What is being asked:
Transcribe the listing verbatim, please, with images dropped.

Data below:
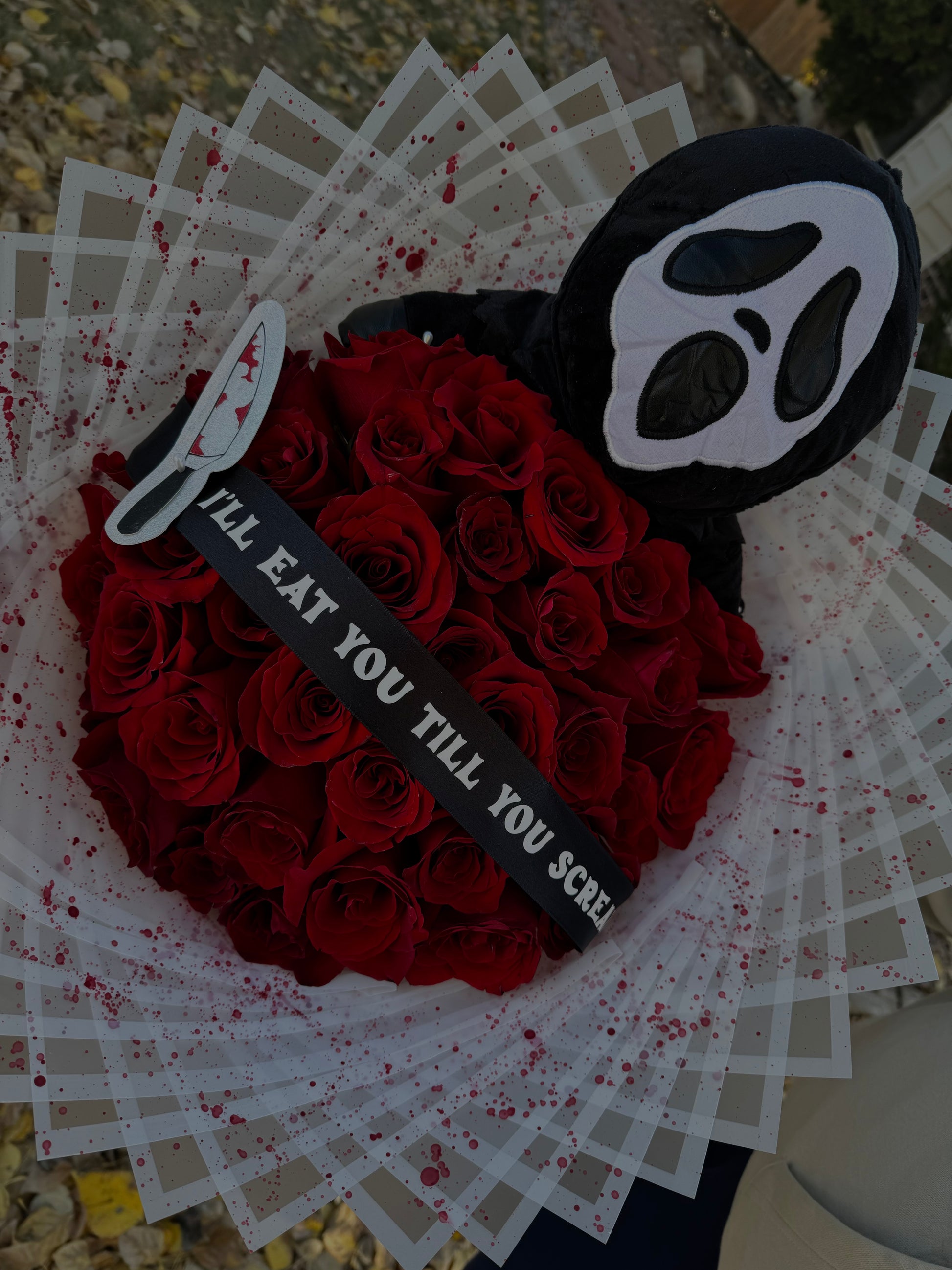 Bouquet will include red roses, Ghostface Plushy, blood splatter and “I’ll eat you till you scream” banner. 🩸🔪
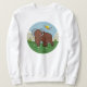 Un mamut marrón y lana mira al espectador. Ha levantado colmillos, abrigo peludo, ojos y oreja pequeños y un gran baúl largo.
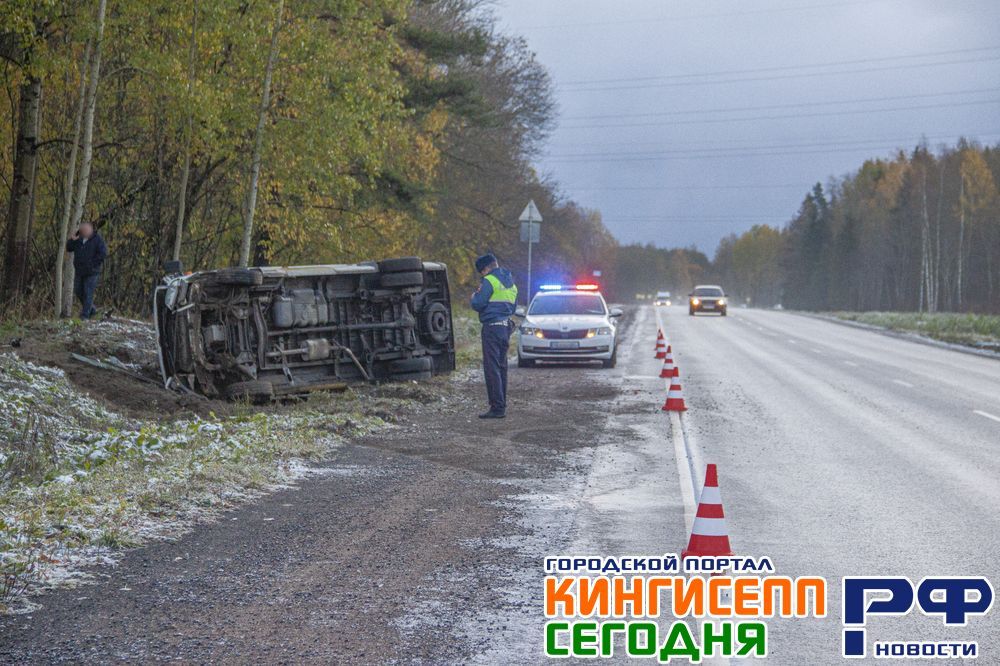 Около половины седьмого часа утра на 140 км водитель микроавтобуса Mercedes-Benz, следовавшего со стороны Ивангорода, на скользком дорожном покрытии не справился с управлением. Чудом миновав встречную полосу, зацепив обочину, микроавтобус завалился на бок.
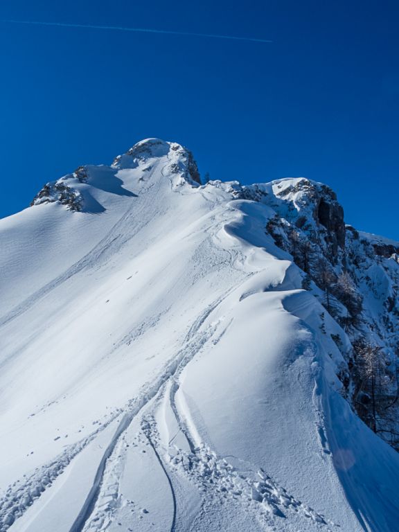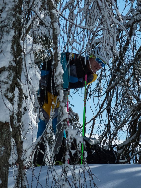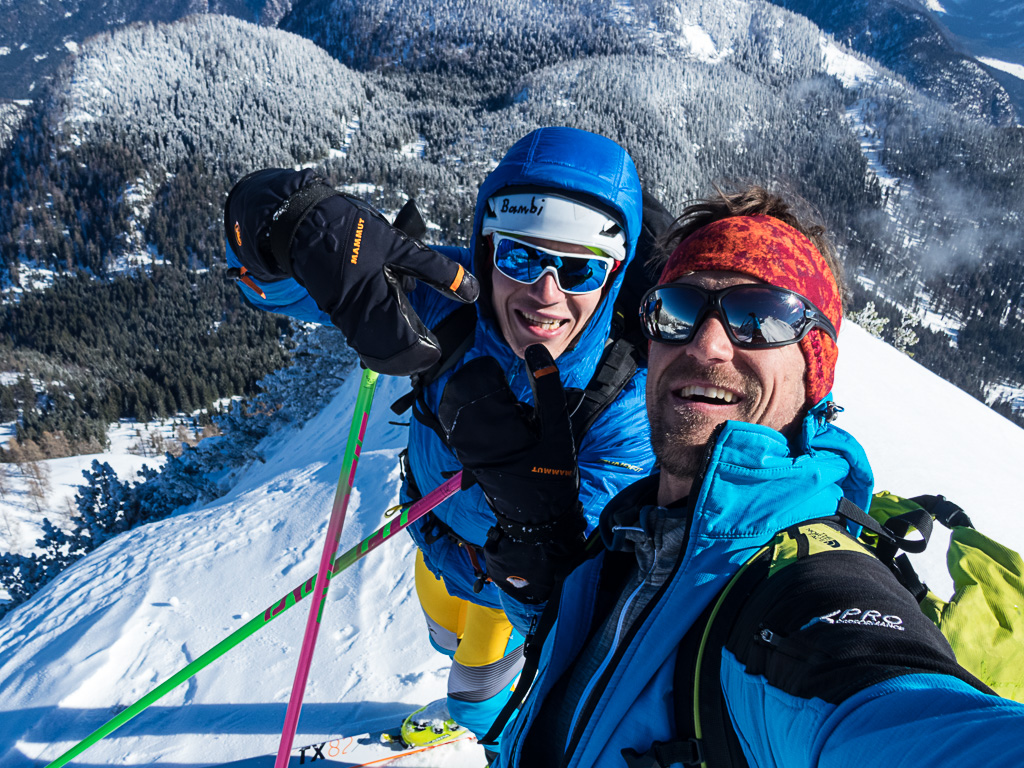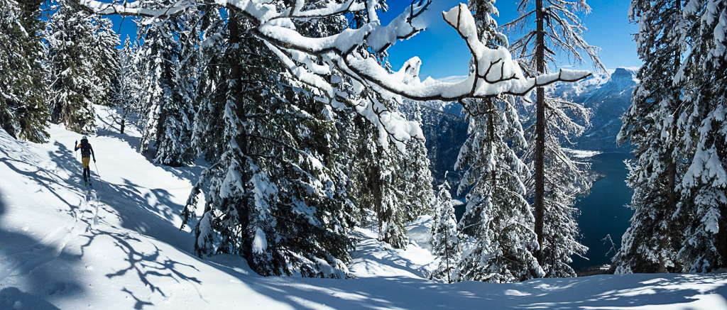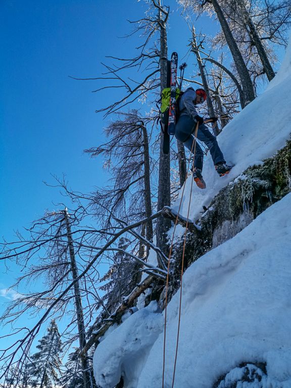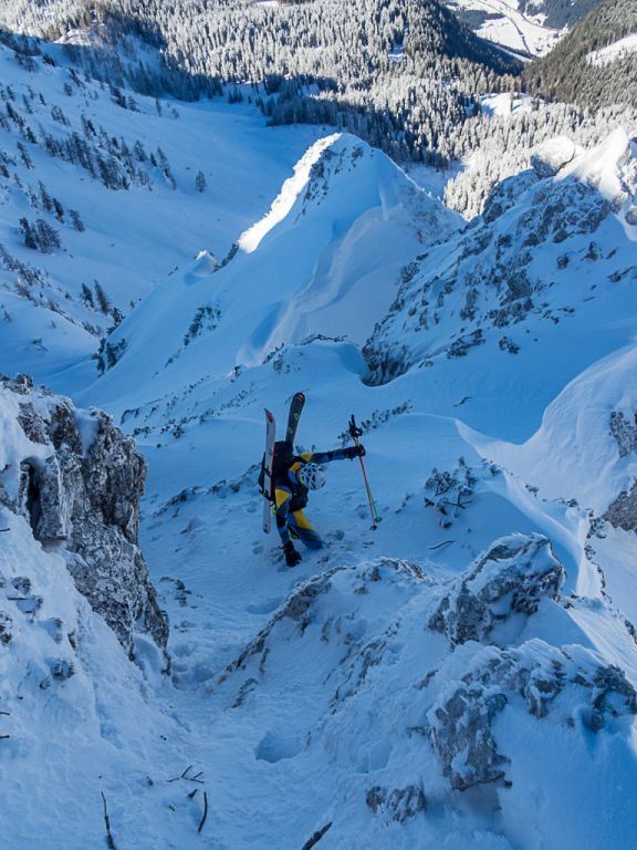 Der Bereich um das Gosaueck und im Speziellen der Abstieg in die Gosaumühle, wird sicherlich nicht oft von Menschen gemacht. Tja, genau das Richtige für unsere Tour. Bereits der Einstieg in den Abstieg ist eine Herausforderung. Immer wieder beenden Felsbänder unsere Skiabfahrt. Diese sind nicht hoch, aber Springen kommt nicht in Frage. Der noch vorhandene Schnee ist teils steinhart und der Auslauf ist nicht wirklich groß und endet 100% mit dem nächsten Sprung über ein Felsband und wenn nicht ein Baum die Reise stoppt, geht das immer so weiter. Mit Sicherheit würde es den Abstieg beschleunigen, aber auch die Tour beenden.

Problem solution:
 Bouquet will include red roses, Ghostface Plushy, blood splatter and “I’ll eat you till you scream” banner. 🩸🔪
 Un mamut marrón y lana mira al espectador. Ha levantado colmillos, abrigo peludo, ojos y oreja pequeños y un gran baúl largo.
 Около половины седьмого часа утра на 140 км водитель микроавтобуса Mercedes-Benz, следовавшего со стороны Ивангорода, на скользком дорожном покрытии не справился с управлением. Чудом миновав встречную полосу, зацепив обочину, микроавтобус завалился на бок.
 Der Bereich um das Gosaueck und im Speziellen der Abstieg in die Gosaumühle, wird sicherlich nicht oft von Menschen gemacht. Tja, genau das Richtige für unsere Tour. Bereits der Einstieg in den Abstieg ist eine Herausforderung. Immer wieder beenden Felsbänder unsere Skiabfahrt. Diese sind nicht hoch, aber Springen kommt nicht in Frage. Der noch vorhandene Schnee ist teils steinhart und der Auslauf ist nicht wirklich groß und endet 100% mit dem nächsten Sprung über ein Felsband und wenn nicht ein Baum die Reise stoppt, geht das immer so weiter. Mit Sicherheit würde es den Abstieg beschleunigen, aber auch die Tour beenden.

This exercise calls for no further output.